One way to beat the benchmarks is simply to decline less during downdrafts like yesterday as well as during serious bear markets. This can be done by how you mix different asset classes in your portfolio and by keeping losses from spiraling.

One way to do the latter is to use trailing stops.

Here are some real examples from our model portfolio that protected us in the Oct 10 decline.

In our Growth and Value model portfolio, which I have steadfastly maintained for 20 years, I discuss every purchase or sale so those who see it can go back and re-visit what I was saying and, more importantly, doing at any given time. Transparency counts. Honesty counts.

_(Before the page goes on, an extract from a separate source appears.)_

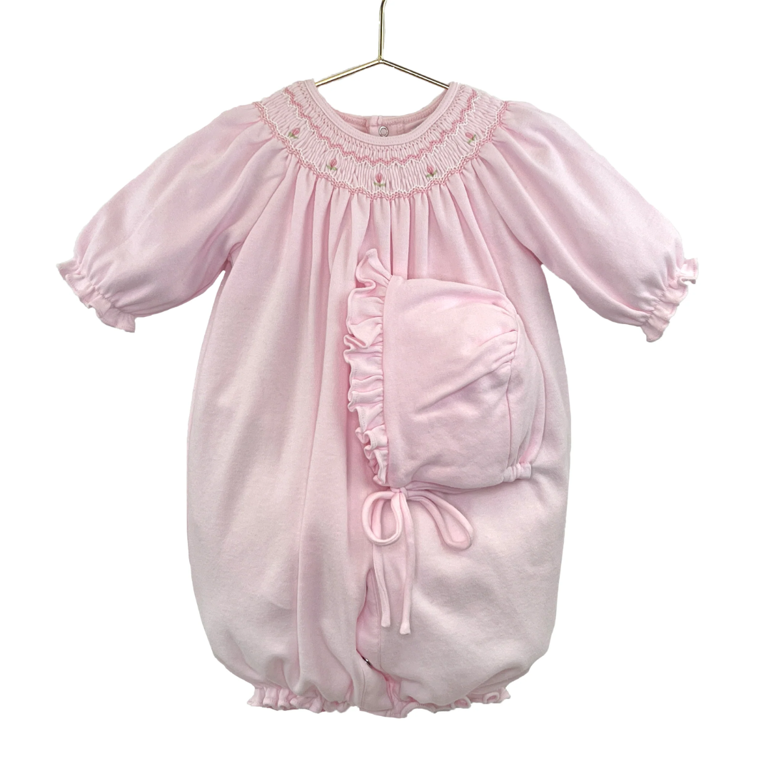 Kissy Kissy Sack with CLB Heart Smocking, Pink

Because we are closer to the end of this bull cycle than the beginning, I have been reshaping the portfolio this year for protection even if that means we make a little less – but protect what we have made.

Here were my comments to subscribers after the market closed yesterday…

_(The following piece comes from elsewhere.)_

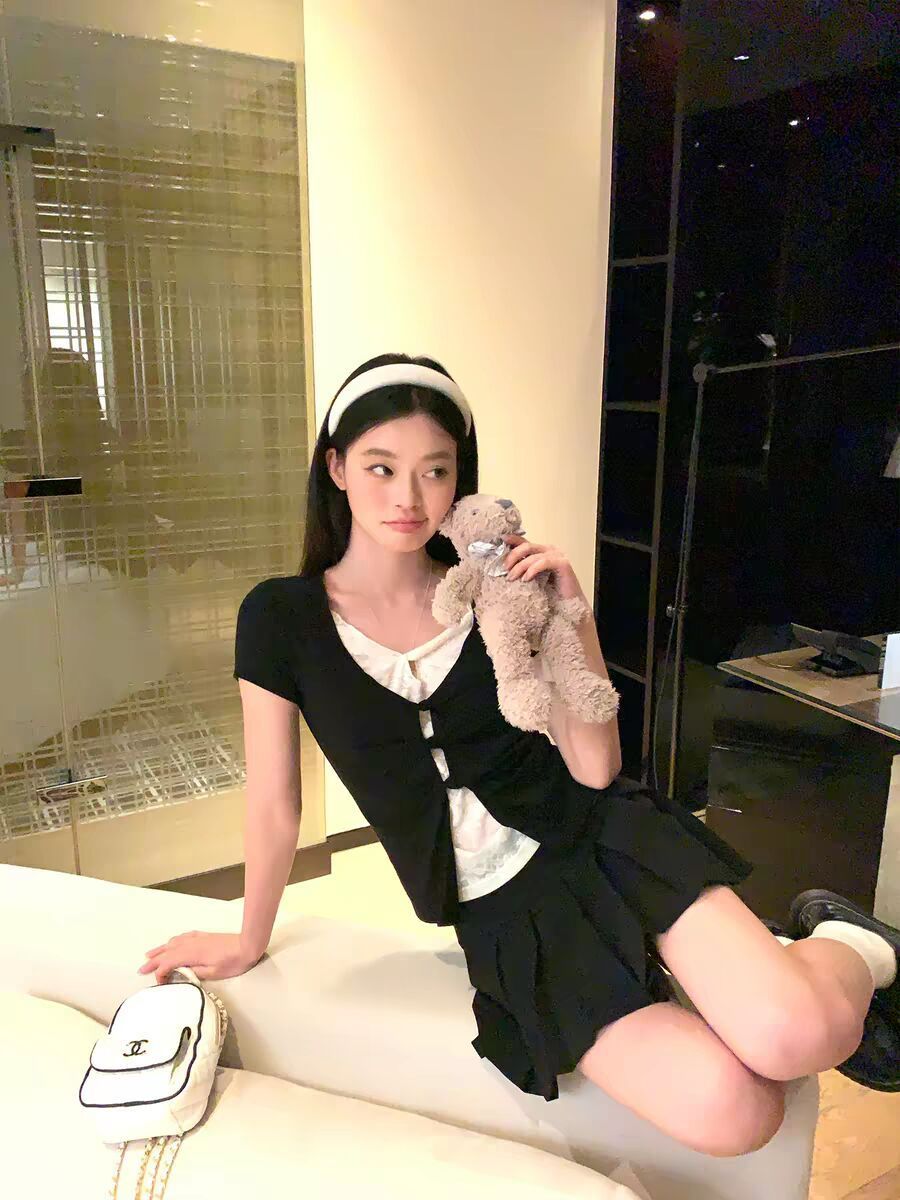 여름 새로운 투피스 슈트 일본식 작은 키 달콤함 학원 스타일 체크무늬 패치워크 맨위 케이크 반신 스커트 여성

MY POSITIONING 10 OCTOBER WITH THE DOW DOWN 831

I will take a look at how the markets respond to today over the next couple days. If I conclude we need to continue or shift to value we’ll do so. But as I said in a letter to clients today, even the one-day 22% decline of October 19,1987 didn’t change the market direction. (And that was 22% in one day, nearly 7 “times” as big as today’s decline.) That’s right, in 1987 the market finished the year up.

No one knows if something similar will happen this time around. I stand by my oft-stated conviction that October will continue to be volatile, mostly because of the stakes of the upcoming mid-term elections — now just three weeks away.

If the House and Senate remain committed to the pro-business and reduced regulatory burden policies of the current administration I imagine today’s market action will be seen as just a scary, and not long remembered, day. If the balance of power shifts… we’ll have to cross a different bridge.